▶ _Dataset extract_:
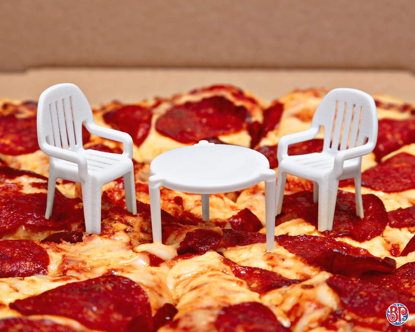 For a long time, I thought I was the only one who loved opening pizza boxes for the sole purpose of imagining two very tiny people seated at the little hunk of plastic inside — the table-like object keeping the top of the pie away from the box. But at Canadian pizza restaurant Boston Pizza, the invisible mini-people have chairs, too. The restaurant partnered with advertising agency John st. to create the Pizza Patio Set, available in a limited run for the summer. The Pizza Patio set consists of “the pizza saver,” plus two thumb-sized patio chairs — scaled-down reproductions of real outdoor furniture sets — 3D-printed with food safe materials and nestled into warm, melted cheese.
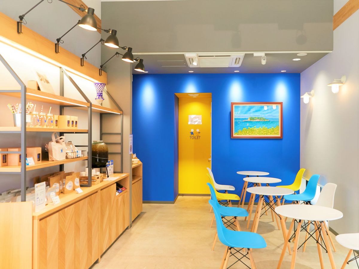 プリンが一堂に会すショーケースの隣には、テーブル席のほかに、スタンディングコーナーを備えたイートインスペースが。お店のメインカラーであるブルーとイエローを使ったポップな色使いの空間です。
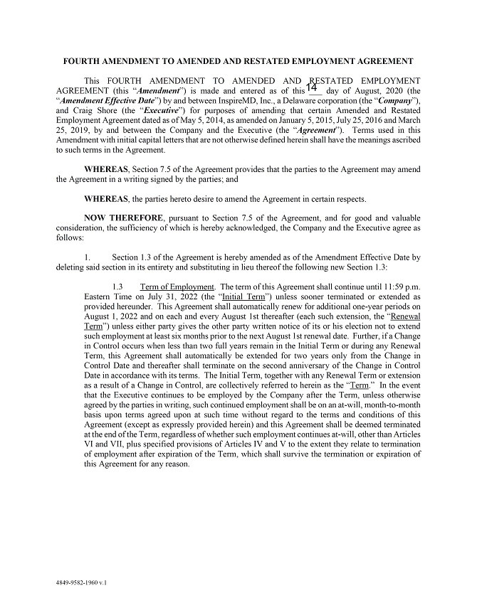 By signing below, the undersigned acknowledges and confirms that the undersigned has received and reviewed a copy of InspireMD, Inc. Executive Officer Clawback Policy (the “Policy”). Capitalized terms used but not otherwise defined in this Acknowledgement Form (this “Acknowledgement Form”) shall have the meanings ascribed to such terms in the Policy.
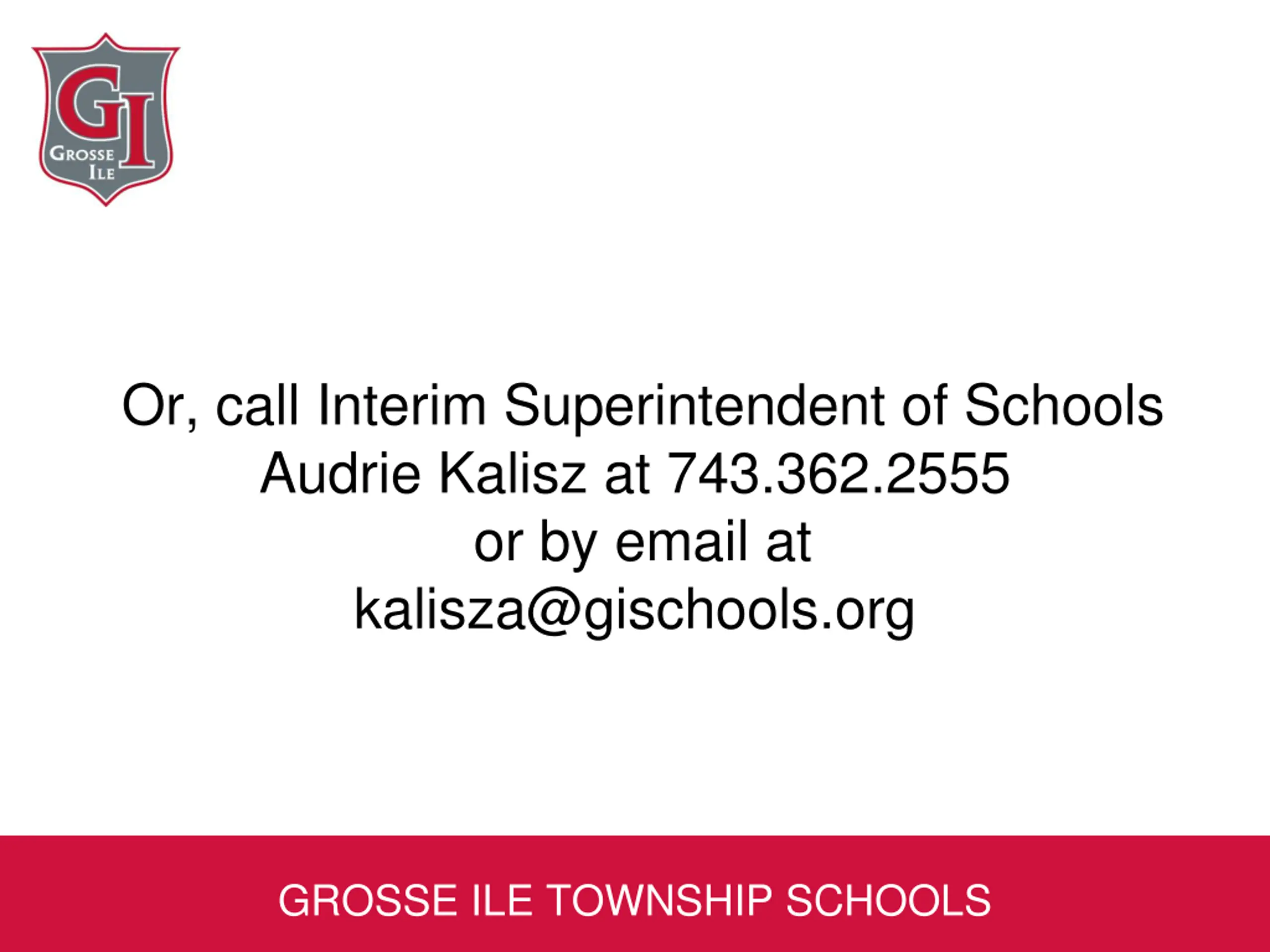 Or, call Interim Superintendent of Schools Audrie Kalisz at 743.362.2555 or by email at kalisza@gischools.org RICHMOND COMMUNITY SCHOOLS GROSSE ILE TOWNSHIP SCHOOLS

▶ _Directions_: Only the lines from the top of the material above down to the line bearing "プリンが一堂に会すショーケー", that line included, should be set down exactly; no pictures.

▶ _Solution to this exercise_:
 For a long time, I thought I was the only one who loved opening pizza boxes for the sole purpose of imagining two very tiny people seated at the little hunk of plastic inside — the table-like object keeping the top of the pie away from the box. But at Canadian pizza restaurant Boston Pizza, the invisible mini-people have chairs, too. The restaurant partnered with advertising agency John st. to create the Pizza Patio Set, available in a limited run for the summer. The Pizza Patio set consists of “the pizza saver,” plus two thumb-sized patio chairs — scaled-down reproductions of real outdoor furniture sets — 3D-printed with food safe materials and nestled into warm, melted cheese.
 プリンが一堂に会すショーケースの隣には、テーブル席のほかに、スタンディングコーナーを備えたイートインスペースが。お店のメインカラーであるブルーとイエローを使ったポップな色使いの空間です。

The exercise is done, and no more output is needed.